A maggio 2025, la University of Science and Technology of China ha stabilito un record: un'efficienza del 26,7% per una cella a singola giunzione. Questo valore si avvicina molto al limite massimo che la teoria permette.
La Potenza delle Celle Tandem
Il vero salto di qualità si ha con le celle tandem, che uniscono la perovskite al tradizionale silicio. Nel 2023, queste celle tandem hanno superato il 33,9% di efficienza.
Per capire l'importanza di questo dato, basti pensare che i pannelli solari in silicio che si comprano oggi hanno un'efficienza media del 21-22%. La combinazione con la perovskite non solo aumenta l'efficienza, ma permette anche di usare in modo più efficace la luce solare, spingendo oltre il limite delle tecnologie attuali. La perovskite sta quindi trasformando il mercato e i limiti di ciò che è possibile ottenere dal sole.
Vantaggi del fotovoltaico in perovskite rispetto al silicio tradizionale
Le celle solari realizzate in perovskite rappresentano una tecnologia di grande impatto. Esse offrono molti vantaggi rispetto ai tradizionali pannelli in silicio. Questi progressi potrebbero rendere la perovskite la tecnologia solare principale del futuro.
La perovskite supera il silicio in diversi aspetti chiave, rendendola ideale per nuove applicazioni:
- · Maggiore Efficienza: Sulla stessa superficie, i pannelli in perovskite possono raggiungere un'efficienza di conversione energetica fino al 50% superiore rispetto a quelli in silicio. Nelle aree dove lo spazio è limitato, come le coperture dei parcheggi, questo significa produrre molta più elettricità.
- · Costi di Produzione Più Bassi: La fabbricazione delle celle in silicio richiede temperature altissime (oltre 1400°C). La perovskite, invece, può essere depositata a temperature molto più basse (sotto i 150°C). Questo processo è più semplice, riduce notevolmente i costi energetici di produzione e l'investimento iniziale nelle fabbriche.
- · Estrema Leggerezza: Lo spessore del materiale in perovskite è di pochi centinaia di nanometri.
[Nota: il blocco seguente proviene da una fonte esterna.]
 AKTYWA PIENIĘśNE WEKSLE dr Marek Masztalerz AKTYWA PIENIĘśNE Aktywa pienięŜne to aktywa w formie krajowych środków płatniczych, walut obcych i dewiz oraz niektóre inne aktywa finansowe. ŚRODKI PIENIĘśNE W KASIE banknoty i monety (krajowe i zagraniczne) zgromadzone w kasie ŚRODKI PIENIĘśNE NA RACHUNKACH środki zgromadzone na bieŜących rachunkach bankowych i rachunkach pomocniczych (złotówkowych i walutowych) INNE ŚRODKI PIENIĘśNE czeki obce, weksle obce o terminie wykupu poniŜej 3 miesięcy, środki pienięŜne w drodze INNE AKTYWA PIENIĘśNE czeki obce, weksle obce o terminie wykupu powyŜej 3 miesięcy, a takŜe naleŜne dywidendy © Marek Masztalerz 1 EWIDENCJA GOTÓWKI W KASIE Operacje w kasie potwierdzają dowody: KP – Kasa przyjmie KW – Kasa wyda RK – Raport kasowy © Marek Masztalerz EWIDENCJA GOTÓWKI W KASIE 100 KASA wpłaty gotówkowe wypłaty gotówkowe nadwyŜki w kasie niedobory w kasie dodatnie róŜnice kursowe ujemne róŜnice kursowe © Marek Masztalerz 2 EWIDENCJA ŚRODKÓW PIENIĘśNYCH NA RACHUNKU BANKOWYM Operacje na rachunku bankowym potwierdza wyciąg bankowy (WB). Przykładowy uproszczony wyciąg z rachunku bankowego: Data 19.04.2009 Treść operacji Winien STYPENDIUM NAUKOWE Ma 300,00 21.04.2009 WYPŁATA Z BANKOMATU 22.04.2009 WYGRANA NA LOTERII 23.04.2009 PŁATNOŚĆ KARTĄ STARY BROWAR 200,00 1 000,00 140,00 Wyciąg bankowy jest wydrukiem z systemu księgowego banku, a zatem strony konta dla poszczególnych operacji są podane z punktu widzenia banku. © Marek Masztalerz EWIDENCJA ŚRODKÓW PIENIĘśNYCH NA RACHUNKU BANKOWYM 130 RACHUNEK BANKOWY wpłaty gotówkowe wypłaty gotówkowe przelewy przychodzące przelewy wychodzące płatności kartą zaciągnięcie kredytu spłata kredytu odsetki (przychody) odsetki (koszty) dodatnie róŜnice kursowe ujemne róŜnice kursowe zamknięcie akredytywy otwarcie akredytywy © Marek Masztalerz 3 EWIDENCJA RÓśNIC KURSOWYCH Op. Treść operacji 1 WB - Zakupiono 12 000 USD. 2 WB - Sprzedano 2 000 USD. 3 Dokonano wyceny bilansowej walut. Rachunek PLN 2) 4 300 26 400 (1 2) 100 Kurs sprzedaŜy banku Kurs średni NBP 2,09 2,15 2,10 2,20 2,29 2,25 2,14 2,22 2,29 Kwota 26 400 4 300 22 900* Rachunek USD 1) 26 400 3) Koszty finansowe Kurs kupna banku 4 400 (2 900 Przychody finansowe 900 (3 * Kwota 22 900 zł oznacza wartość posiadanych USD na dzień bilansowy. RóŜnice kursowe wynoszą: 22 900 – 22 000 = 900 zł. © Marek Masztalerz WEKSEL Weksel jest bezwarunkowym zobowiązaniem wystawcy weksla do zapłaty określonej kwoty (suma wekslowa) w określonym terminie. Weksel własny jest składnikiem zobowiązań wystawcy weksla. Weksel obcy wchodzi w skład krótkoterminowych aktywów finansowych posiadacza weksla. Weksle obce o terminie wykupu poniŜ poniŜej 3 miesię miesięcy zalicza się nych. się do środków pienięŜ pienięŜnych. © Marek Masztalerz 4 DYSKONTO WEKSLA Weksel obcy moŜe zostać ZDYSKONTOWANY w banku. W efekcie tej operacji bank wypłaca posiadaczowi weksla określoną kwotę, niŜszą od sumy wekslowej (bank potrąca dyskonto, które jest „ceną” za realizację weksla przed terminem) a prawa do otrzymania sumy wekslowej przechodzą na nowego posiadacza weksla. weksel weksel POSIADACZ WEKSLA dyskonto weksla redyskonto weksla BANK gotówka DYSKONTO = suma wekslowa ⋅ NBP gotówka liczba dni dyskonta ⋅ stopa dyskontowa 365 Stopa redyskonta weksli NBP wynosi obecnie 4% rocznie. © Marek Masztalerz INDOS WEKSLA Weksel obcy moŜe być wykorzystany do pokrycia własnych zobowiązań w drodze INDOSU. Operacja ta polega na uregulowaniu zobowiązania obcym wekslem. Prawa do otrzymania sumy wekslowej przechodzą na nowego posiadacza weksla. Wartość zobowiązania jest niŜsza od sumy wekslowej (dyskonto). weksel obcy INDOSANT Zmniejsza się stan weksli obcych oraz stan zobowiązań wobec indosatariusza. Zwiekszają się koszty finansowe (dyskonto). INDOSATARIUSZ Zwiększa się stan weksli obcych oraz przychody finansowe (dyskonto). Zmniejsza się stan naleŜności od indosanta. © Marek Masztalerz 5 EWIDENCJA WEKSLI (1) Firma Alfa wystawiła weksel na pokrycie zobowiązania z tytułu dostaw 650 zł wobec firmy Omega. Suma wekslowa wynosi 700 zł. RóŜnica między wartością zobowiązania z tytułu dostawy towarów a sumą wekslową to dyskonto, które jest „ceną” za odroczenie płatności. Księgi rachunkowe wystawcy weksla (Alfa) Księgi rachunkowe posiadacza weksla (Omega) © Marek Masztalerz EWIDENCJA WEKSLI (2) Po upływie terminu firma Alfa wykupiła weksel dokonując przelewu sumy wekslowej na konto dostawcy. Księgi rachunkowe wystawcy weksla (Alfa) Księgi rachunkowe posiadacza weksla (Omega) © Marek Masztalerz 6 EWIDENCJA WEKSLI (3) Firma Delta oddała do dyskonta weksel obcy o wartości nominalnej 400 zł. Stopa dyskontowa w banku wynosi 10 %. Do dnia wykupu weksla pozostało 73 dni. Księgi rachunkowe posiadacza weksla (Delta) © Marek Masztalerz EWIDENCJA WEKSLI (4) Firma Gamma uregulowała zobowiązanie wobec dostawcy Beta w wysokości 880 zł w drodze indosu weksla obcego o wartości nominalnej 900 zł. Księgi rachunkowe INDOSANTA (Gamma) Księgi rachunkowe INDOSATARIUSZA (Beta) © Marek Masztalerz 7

È molto più sottile del silicio. Per questo motivo, i moduli in perovskite sono estremamente leggeri. Strutture di supporto, come quelle usate per i tetti dei parcheggi, possono essere meno robuste e quindi meno costose.
- · Flessibilità e Adattabilità: La perovskite può essere applicata su materiali flessibili. Questo permette di creare pannelli che si piegano e si adattano a superfici curve o design architettonici moderni.
- · Semitrasparenza: Una caratteristica unica è la possibilità di creare pannelli con una trasparenza variabile (dal 20 al 40%). Ciò apre la strada all'integrazione nelle finestre o nelle vetrate, che possono così generare elettricità pur mantenendo la luminosità.
In sintesi, la perovskite promette di trasformare il modo in cui produciamo energia solare, rendendola più efficiente, economica e integrabile nelle nostre strutture quotidiane.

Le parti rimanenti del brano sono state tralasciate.